There’s hardly anything I like more than silence, especially other people’s, so when my son told me about a meditation course that included 10 days of Noble Silence, I was all over it.

Noble Silence is “silence of body, speech, and mind. Any form of communication with fellow students, whether by gestures, sign language, written notes, etc., is prohibited” for the duration of the course. Mostly, I didn’t make eye contact. I’d hold the door for you without looking at you, and you were always a guy because the men and women were strictly segregated.

The wake-up bell was at 4 a.m., and we knocked off at 9 p.m. for 10 days. For the first 3 1/2 days we focused our awareness on the breath entering and leaving our nostrils. Actually, since I had no communication with any other student, I don’t know what the others were focused on. I know only that that’s what I was doing, and knowing what I’m doing was the point. Likewise knowing what you’re doing, and knowing that no matter what we’re doing individually and collectively we won’t be doing it long, because everything just rises and passes away, and we can all relax.

Eventually I learned equanimity. Now when I sit for meditation and most of my body sensations seem to be itches and prickles, I don’t mind. The imaginary spider with the feathers on his feet stumbling around in my ear that would’ve made my eyes bug out if they hadn’t been closed also proved to be transitory—no itch is eternal. Experiencing that made it possible to be aware of the sensation and not react to it, a useful trick if you keep up with the news.

Being within yourself with nowhere else to go can turn up all sorts of things, and I can see how somebody might want to avoid that much self-scrutiny.

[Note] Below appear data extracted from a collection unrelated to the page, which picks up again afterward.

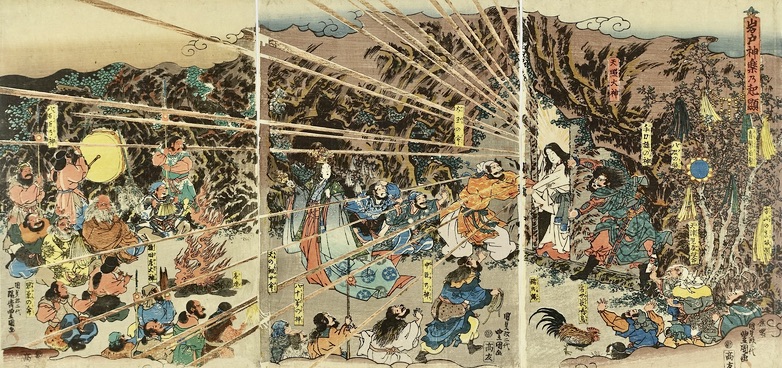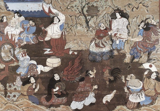 Ces bacchanales japonaises (n.8) apparurent, en ondulant comme un mirage, devant Organtino stupéfait. Il vit, à la lumière de feu, des Japonais vêtus à l’antiquité, se boire du saké, assis en rond. Juste au milieu d’eux, il vit une femme, une femme grandiose qu’on n’avait jamais vue au Japon, danser frénétiquement sur un seau retourné. Derrière le seau il vit un homme aussi robuste planter paisiblement une branche sacrée, arrachée avec des racines et suspendue de trésors et de miroirs. Autour d’eux il vit des centaines de coqs pousser sans cesse des chants gaillardement, en se frottant les plumes et les crêtes. Au-delà, – Organtino ne pouvait pas encore s’empêcher de douter de ses yeux – au delà des brouillards nocturnes, un rocher comme une porte de la grotte se tenait debout dans une posture imposante.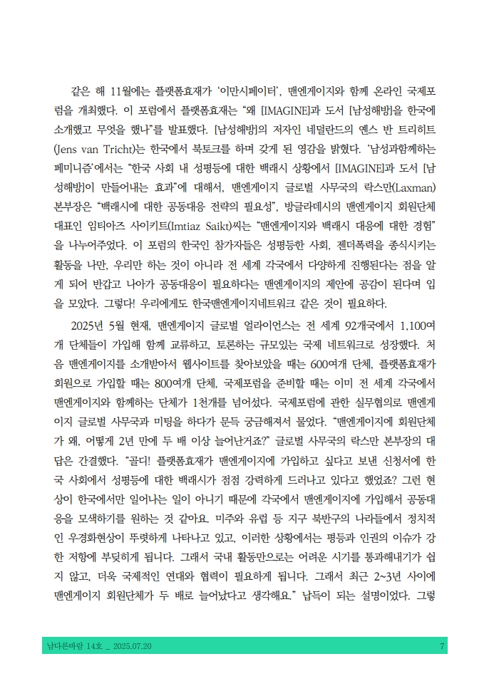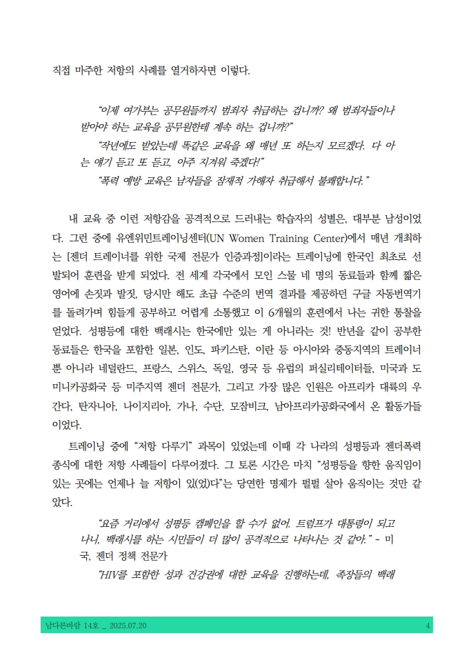 매월 다양한 시각과 알찬 내용이 담긴 성교육 전문지 [남다른 바람]을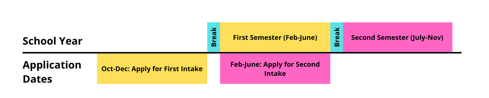 Application deadlines for February Intake (First Semester) are from October to December. The application deadlines for the July Intake (Second Semester) are February to June.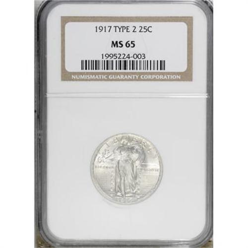 <B>1917 25C Type Two MS65 NGC.</B></I> NGC Census: (58/35). PCGS Population (83/22). Mintage: 13,880,000. Numismedia Wsl. Price for NGC/PCGS coin in MS65: $480. (#5714)<BR><BR><B>Coin Engraver:</B> Hermon A. MacNeil<BR><BR><b>Shipping:</b> Coins & Currency (<a target="_blank" href="http://www.heritageauctions.com/common/shipping.php">view shipping information</a>)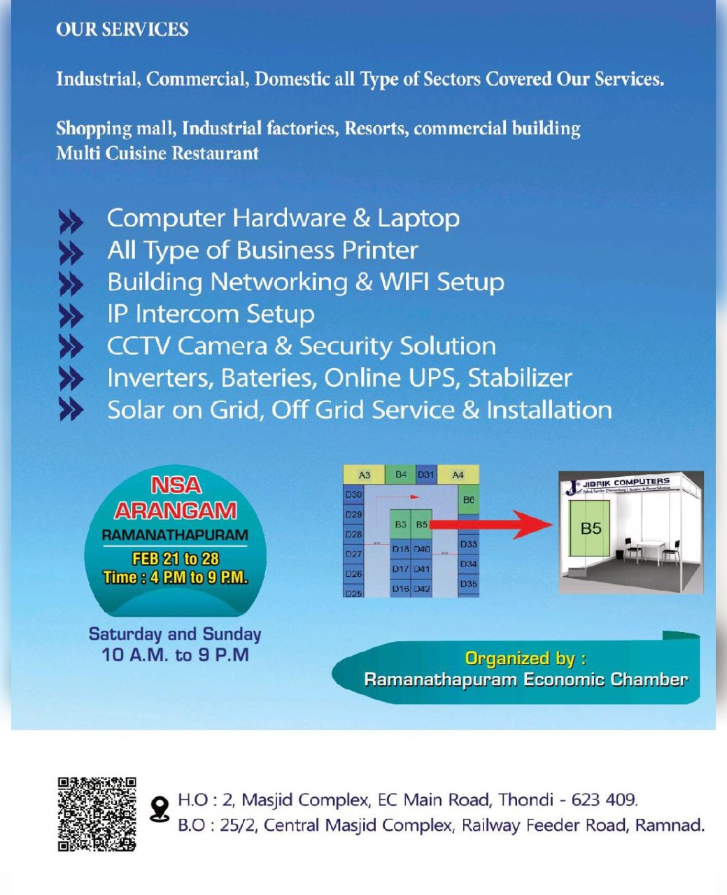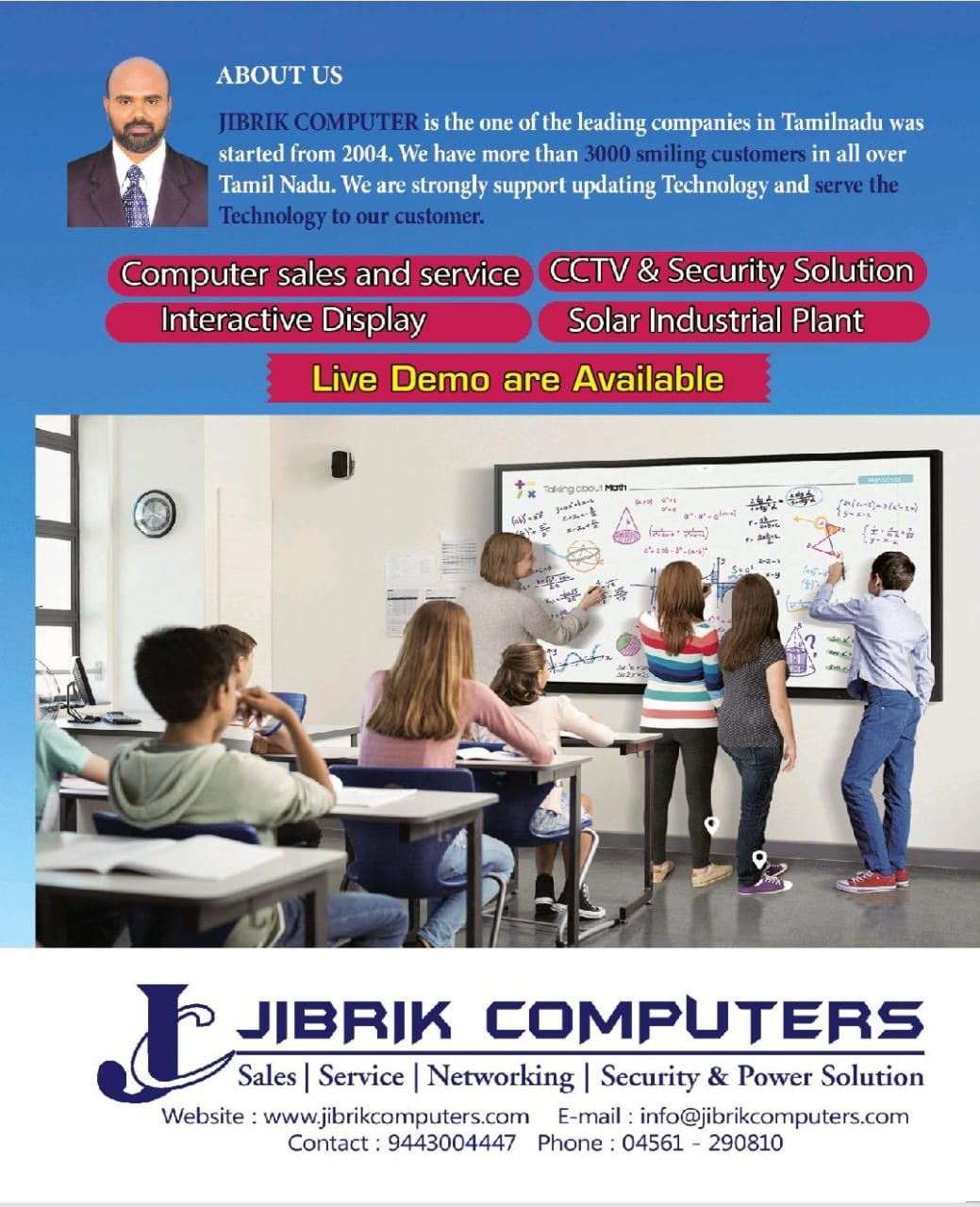 Jibrik computer is the one of the leading companies in Tamilnadu was started from 2006 we have more than 3500 smiling customers in in all over Tamil Nadu we are strongly support updating Technology and serve the Technology to our customer we are doing business with "Computer Sales and Service" "POS billing machines" "CCTV" "Interactive Panel Signage Display" "Business TV" "Solar industrial plant on grid off grid solar projects" "UPS inverter online UPS Servo stabilizes"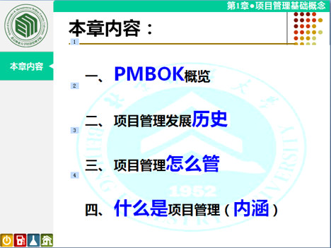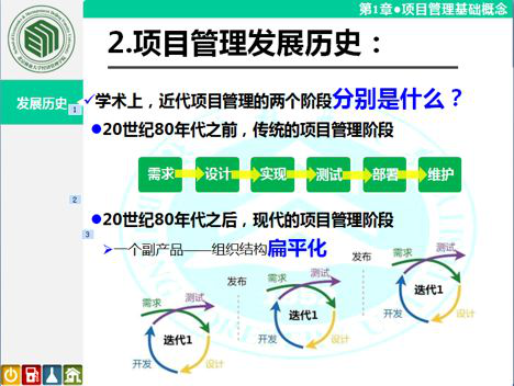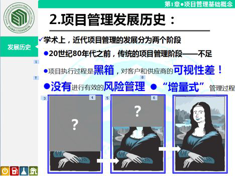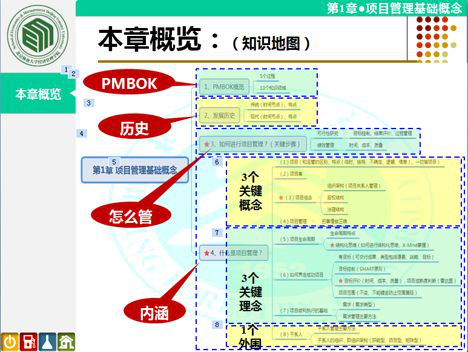 以《项目管理》第一章为例,该章主要讲授项目管理的发展历史、管理特点及概念内涵等理论内容。为了适应目前在线教学的需要,袁畅彦老师将知识架构重塑,并且把重点内容加粗同时引入播放动画;为了更好传递本门课程结构化思维的理念,又引入了以X-Mind为基础的本章知识地图,将具体讲授内容分解并以模块化形式展示给学生。

At some point I cried about my puppy that died when I was 9, and I saw my father in a dream. If there’s a puppy or a father in your past, he can still make you cry.

Most of the effects of the course on me I’m probably still unaware of. So far, I know that evidence of the transitory nature of things is within us, and my experiencing it helps me be a more peaceful, loving person, and my peace and compassion affect everything around me. Your peace and compassion affect everything around you, too.